=== INFORMATION SHOWN ===
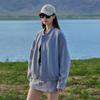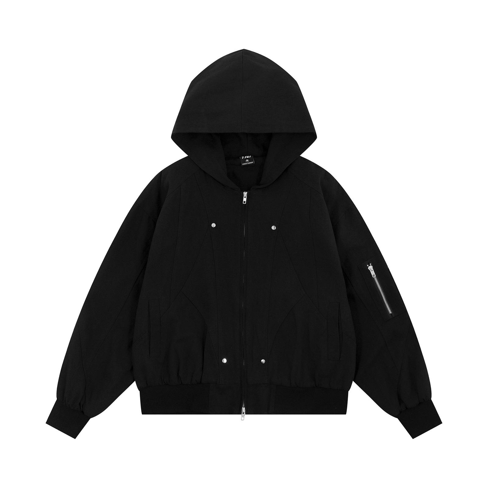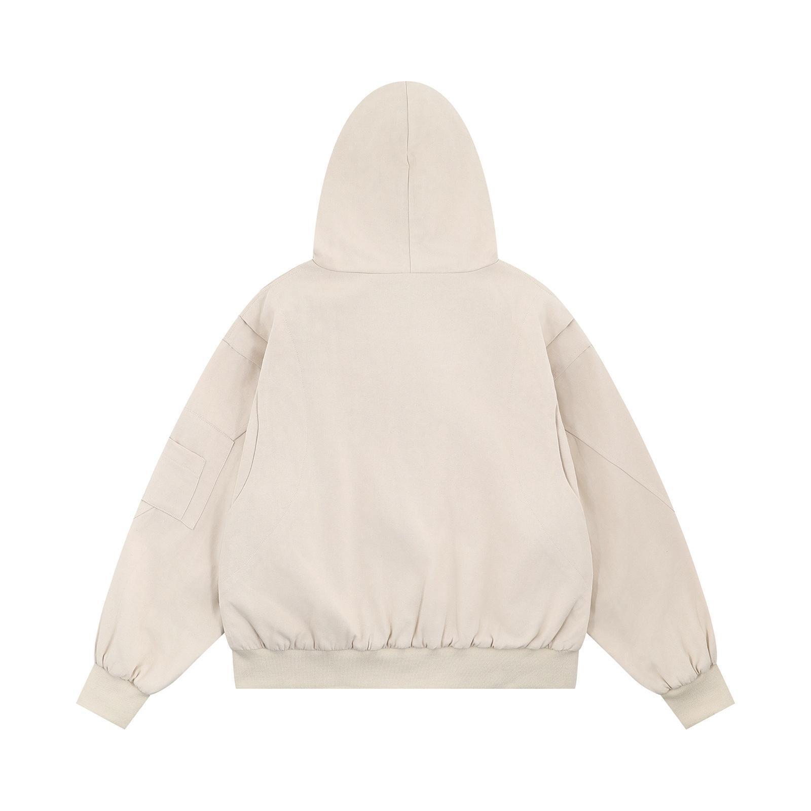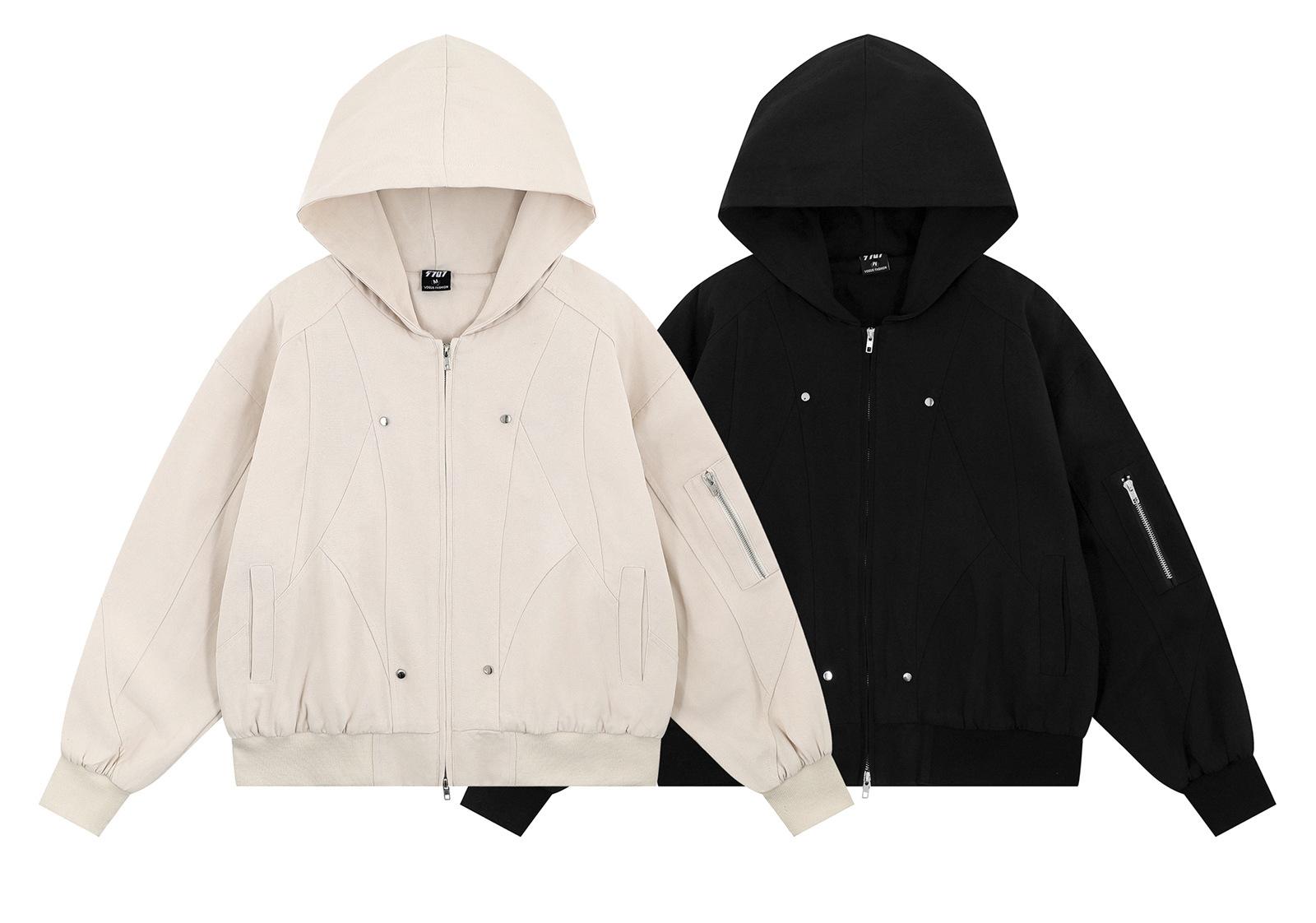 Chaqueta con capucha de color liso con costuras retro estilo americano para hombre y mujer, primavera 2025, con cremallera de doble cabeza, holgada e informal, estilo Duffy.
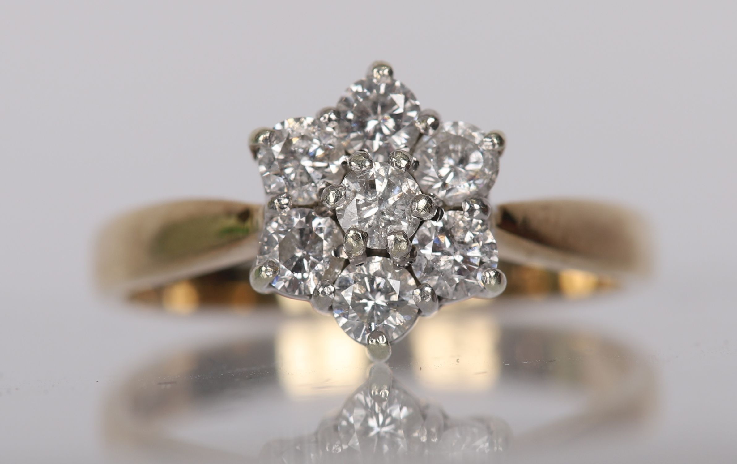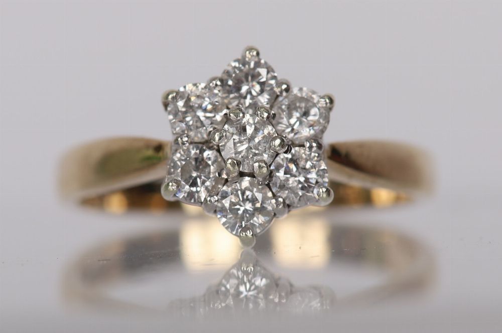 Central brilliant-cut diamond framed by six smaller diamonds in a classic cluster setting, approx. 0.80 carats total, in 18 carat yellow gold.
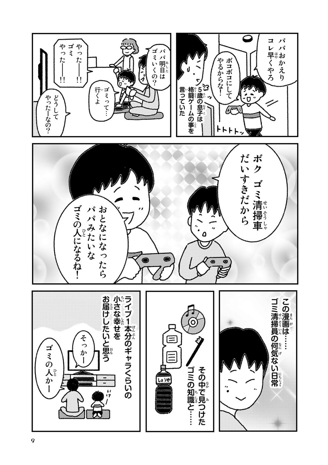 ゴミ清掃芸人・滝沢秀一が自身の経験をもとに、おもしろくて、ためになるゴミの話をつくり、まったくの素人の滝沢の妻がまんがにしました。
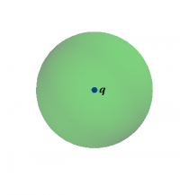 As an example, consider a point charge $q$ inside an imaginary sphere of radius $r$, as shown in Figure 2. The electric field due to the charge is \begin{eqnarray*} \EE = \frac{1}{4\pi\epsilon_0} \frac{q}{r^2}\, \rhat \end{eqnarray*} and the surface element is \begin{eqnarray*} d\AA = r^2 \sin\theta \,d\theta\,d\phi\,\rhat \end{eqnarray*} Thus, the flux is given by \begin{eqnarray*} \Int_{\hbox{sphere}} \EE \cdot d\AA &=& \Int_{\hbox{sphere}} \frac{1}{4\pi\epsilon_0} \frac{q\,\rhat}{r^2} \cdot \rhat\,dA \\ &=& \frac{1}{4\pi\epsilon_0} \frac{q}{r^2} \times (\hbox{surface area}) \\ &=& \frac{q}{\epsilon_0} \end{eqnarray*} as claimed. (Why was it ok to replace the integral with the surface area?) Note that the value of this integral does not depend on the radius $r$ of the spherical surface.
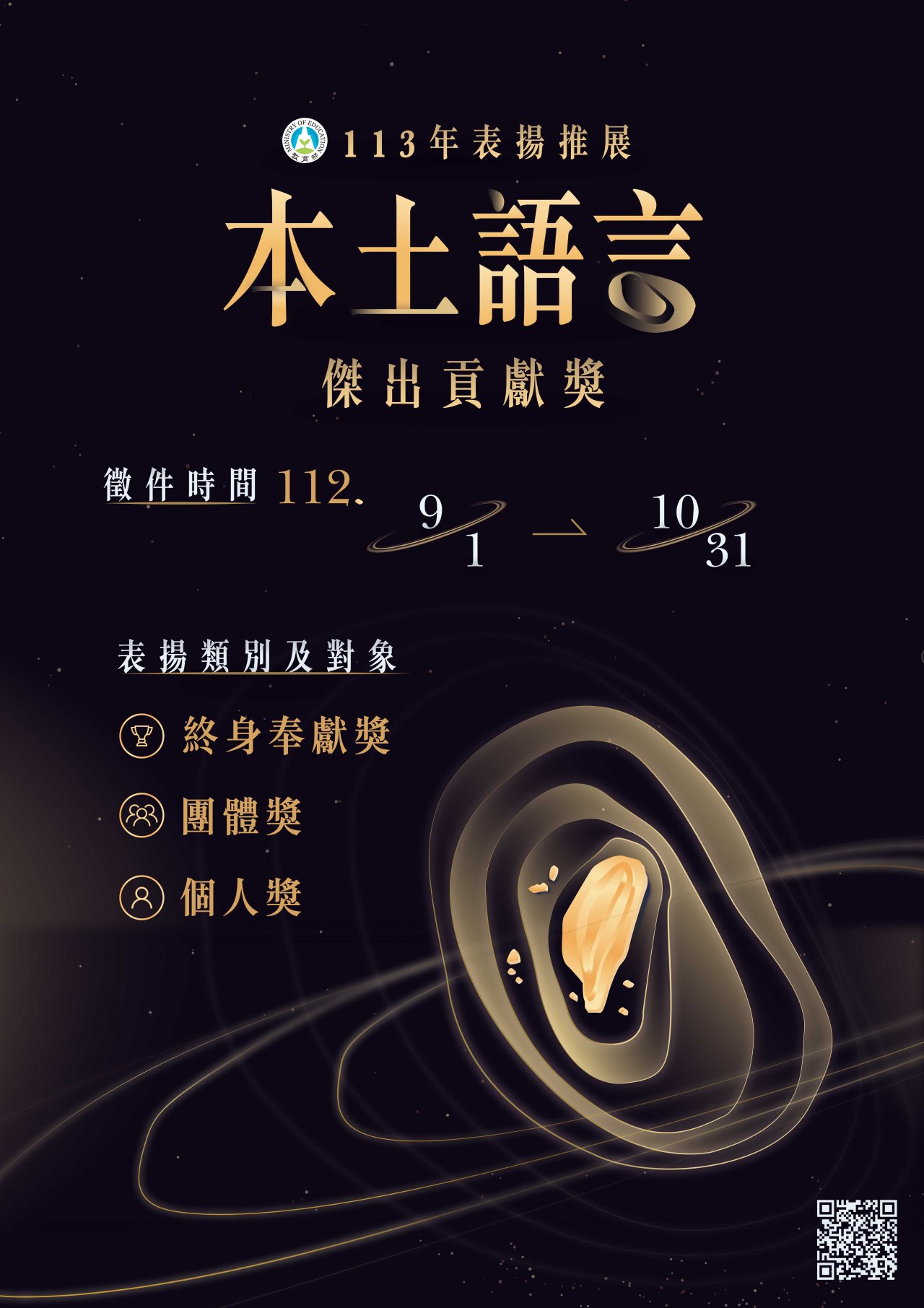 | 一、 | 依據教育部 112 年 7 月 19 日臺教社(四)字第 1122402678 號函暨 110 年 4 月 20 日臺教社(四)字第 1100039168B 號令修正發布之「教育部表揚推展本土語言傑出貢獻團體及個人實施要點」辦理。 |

=== YOUR OBJECTIVE ===
Would you copy all of the data exactly? Keep the pictures out of it.

=== RESPONSE TO THIS TASK ===
 Chaqueta con capucha de color liso con costuras retro estilo americano para hombre y mujer, primavera 2025, con cremallera de doble cabeza, holgada e informal, estilo Duffy.
 Central brilliant-cut diamond framed by six smaller diamonds in a classic cluster setting, approx. 0.80 carats total, in 18 carat yellow gold.
 ゴミ清掃芸人・滝沢秀一が自身の経験をもとに、おもしろくて、ためになるゴミの話をつくり、まったくの素人の滝沢の妻がまんがにしました。
 As an example, consider a point charge $q$ inside an imaginary sphere of radius $r$, as shown in Figure 2. The electric field due to the charge is \begin{eqnarray*} \EE = \frac{1}{4\pi\epsilon_0} \frac{q}{r^2}\, \rhat \end{eqnarray*} and the surface element is \begin{eqnarray*} d\AA = r^2 \sin\theta \,d\theta\,d\phi\,\rhat \end{eqnarray*} Thus, the flux is given by \begin{eqnarray*} \Int_{\hbox{sphere}} \EE \cdot d\AA &=& \Int_{\hbox{sphere}} \frac{1}{4\pi\epsilon_0} \frac{q\,\rhat}{r^2} \cdot \rhat\,dA \\ &=& \frac{1}{4\pi\epsilon_0} \frac{q}{r^2} \times (\hbox{surface area}) \\ &=& \frac{q}{\epsilon_0} \end{eqnarray*} as claimed. (Why was it ok to replace the integral with the surface area?) Note that the value of this integral does not depend on the radius $r$ of the spherical surface.
 | 一、 | 依據教育部 112 年 7 月 19 日臺教社(四)字第 1122402678 號函暨 110 年 4 月 20 日臺教社(四)字第 1100039168B 號令修正發布之「教育部表揚推展本土語言傑出貢獻團體及個人實施要點」辦理。 |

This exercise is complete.